┌──
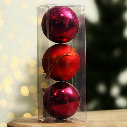 Набор ёлочных шаров "Верь в мечту!", пластик, d-8, 3 шт, красный и винный
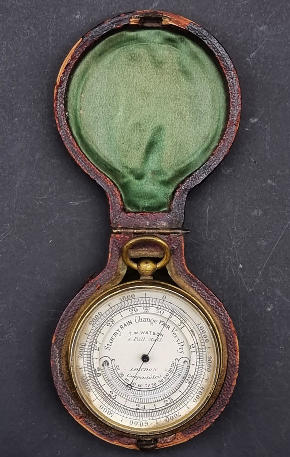 A pocket barometer that was retailed by T.W. Watson. Image adapted for nonprofit, educational purposes from an internet sale site.
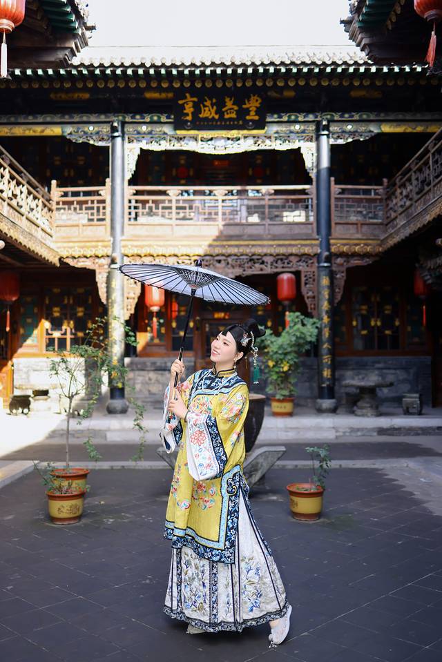 第一个当然就是最近火爆的晋商少奶奶造型了,去古城,你不拍一套古风旅拍,真的不知道自己有多美!我去的是西棠旅拍,他家最大的特点就是有一个专属的古宅院拍摄基地,这个就很方便了,而且他家的有些衣服特别精致漂亮。他家晋商少奶奶和晋商大小姐的衣服和头饰都很有意境,拍出来照片古风感拉满,沉浸式体验古城的无限魅力。
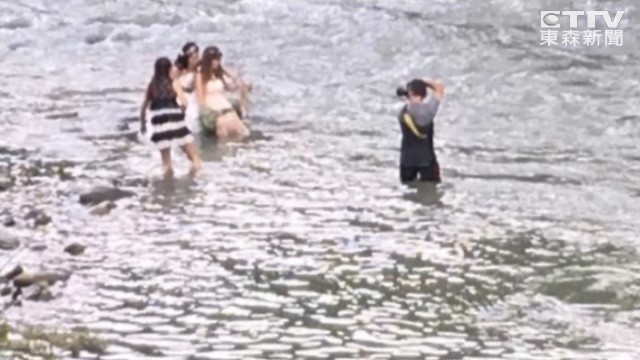 這群人包括3名女子、加上攝影師和助理一共5人,站在溪中擺POSE拍個不停,旁幫還立燈架打燈,前後拍了大約1小時,附近居民看不下去,叫他們趕快離開,否則溪水升高,屆時逃命就來不及了。
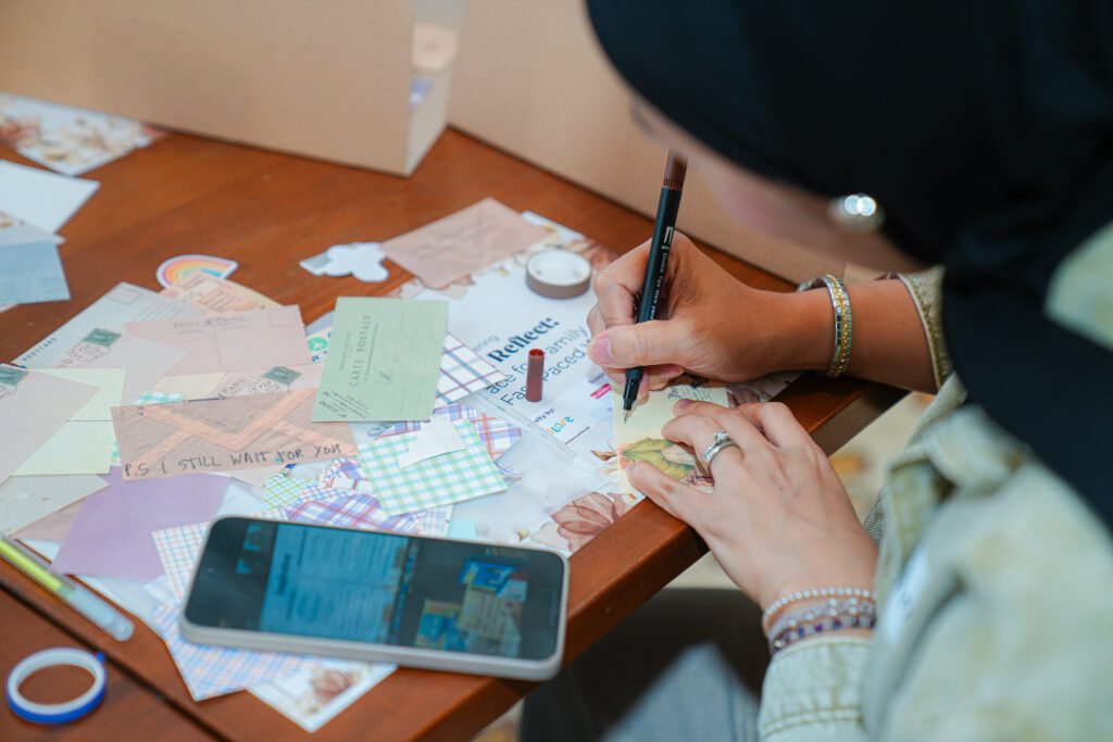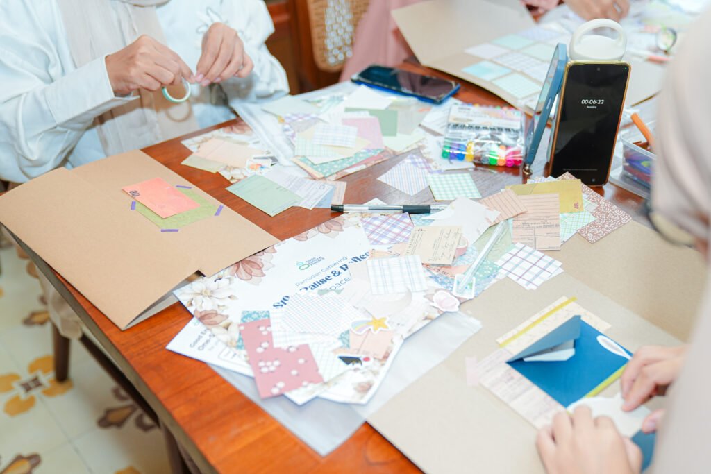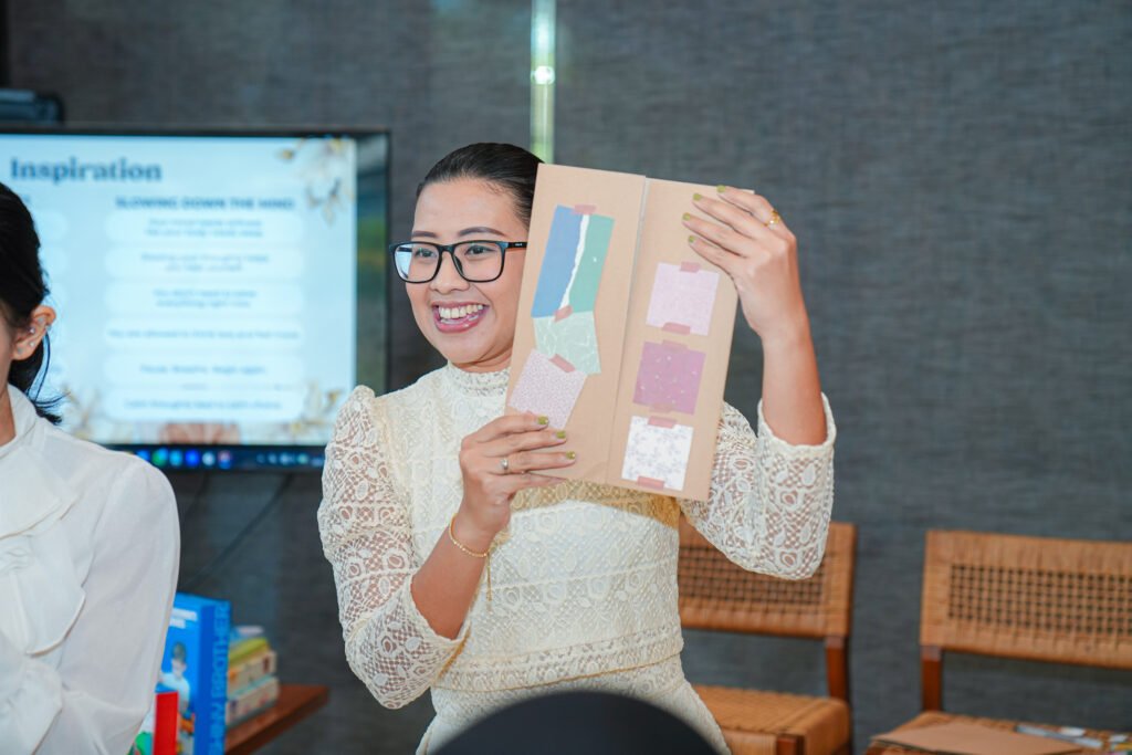 Setelah sesi talkshow, para ibu diajak mengikuti aktivitas reflektif bernama Pause Practice Kit, yaitu sesi scrapbook journaling yang dirancang untuk membantu peserta melambat, menuliskan pikiran, dan memberi ruang bagi diri sendiri.
└──
◆ **Exercise**
Print the data again word for word, pictures excluded.

◆ **Result for this exercise**
 Набор ёлочных шаров "Верь в мечту!", пластик, d-8, 3 шт, красный и винный
 A pocket barometer that was retailed by T.W. Watson. Image adapted for nonprofit, educational purposes from an internet sale site.
 第一个当然就是最近火爆的晋商少奶奶造型了,去古城,你不拍一套古风旅拍,真的不知道自己有多美!我去的是西棠旅拍,他家最大的特点就是有一个专属的古宅院拍摄基地,这个就很方便了,而且他家的有些衣服特别精致漂亮。他家晋商少奶奶和晋商大小姐的衣服和头饰都很有意境,拍出来照片古风感拉满,沉浸式体验古城的无限魅力。
 這群人包括3名女子、加上攝影師和助理一共5人,站在溪中擺POSE拍個不停,旁幫還立燈架打燈,前後拍了大約1小時,附近居民看不下去,叫他們趕快離開,否則溪水升高,屆時逃命就來不及了。
 Setelah sesi talkshow, para ibu diajak mengikuti aktivitas reflektif bernama Pause Practice Kit, yaitu sesi scrapbook journaling yang dirancang untuk membantu peserta melambat, menuliskan pikiran, dan memberi ruang bagi diri sendiri.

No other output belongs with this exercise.